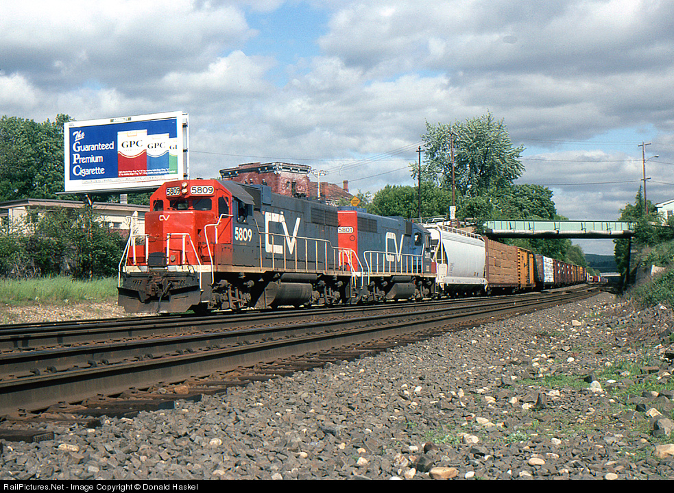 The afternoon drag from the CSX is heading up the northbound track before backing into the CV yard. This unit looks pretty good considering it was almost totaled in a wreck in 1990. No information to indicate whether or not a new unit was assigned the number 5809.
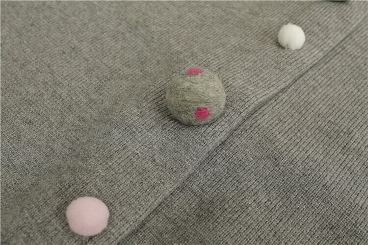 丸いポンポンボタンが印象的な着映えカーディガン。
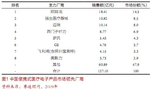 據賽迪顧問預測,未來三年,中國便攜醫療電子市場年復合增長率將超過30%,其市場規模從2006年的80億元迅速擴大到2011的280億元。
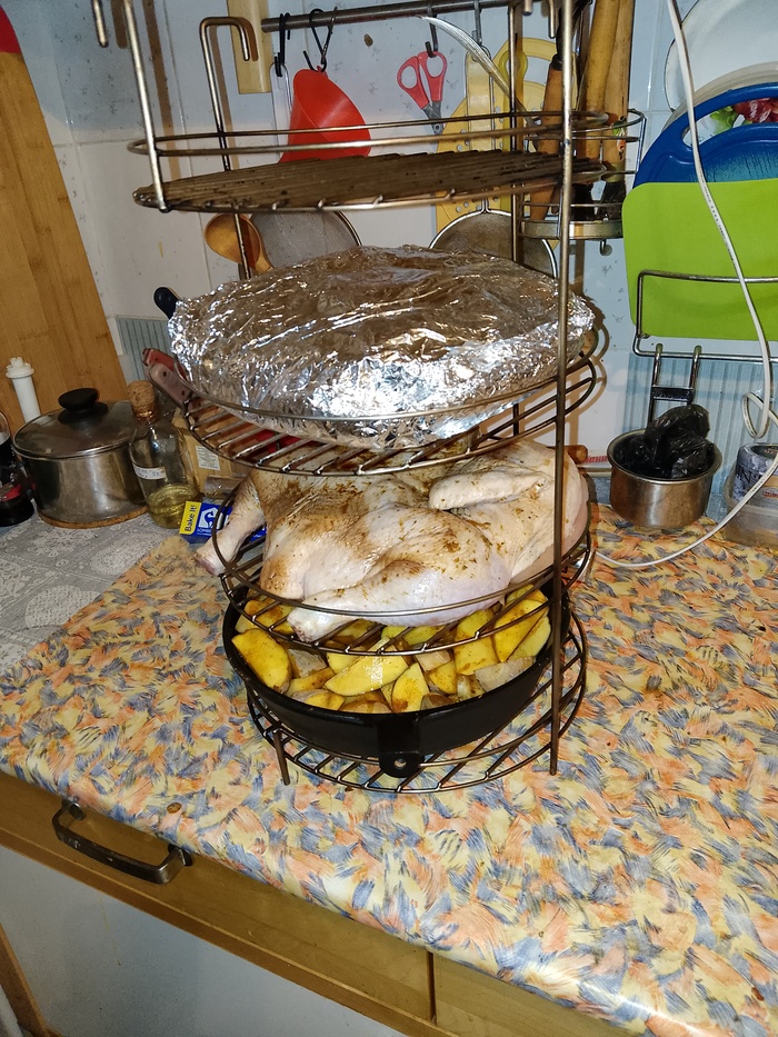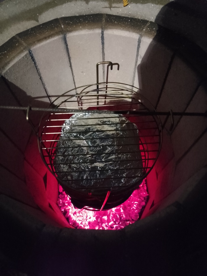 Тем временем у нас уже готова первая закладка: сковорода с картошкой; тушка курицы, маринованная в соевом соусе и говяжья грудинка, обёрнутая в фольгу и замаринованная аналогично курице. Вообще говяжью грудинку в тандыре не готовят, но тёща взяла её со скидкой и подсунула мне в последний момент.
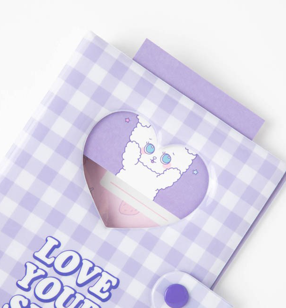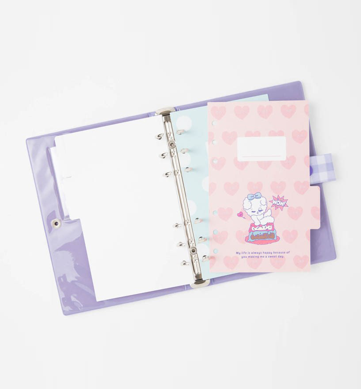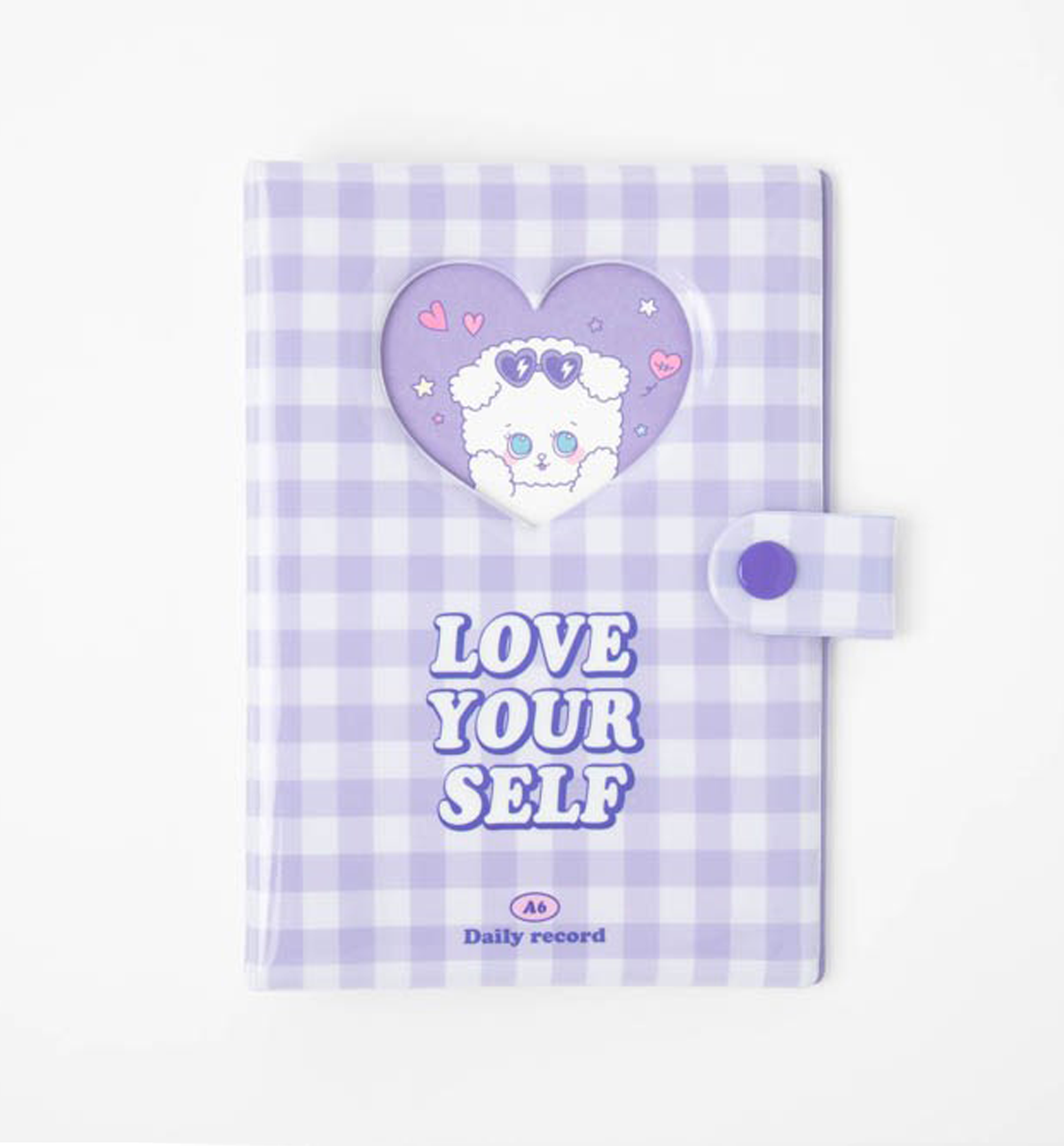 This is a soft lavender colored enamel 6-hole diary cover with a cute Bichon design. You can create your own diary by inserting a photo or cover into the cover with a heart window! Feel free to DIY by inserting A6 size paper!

Prompt »
From the data above, return exactly the lines from the one with "丸いポンポンボタンが印象的な着映えカーディガン。" up to and including the one with "Тем временем у". Pictures do not go in the copy.

Response area »
 丸いポンポンボタンが印象的な着映えカーディガン。
 據賽迪顧問預測,未來三年,中國便攜醫療電子市場年復合增長率將超過30%,其市場規模從2006年的80億元迅速擴大到2011的280億元。
 Тем временем у нас уже готова первая закладка: сковорода с картошкой; тушка курицы, маринованная в соевом соусе и говяжья грудинка, обёрнутая в фольгу и замаринованная аналогично курице. Вообще говяжью грудинку в тандыре не готовят, но тёща взяла её со скидкой и подсунула мне в последний момент.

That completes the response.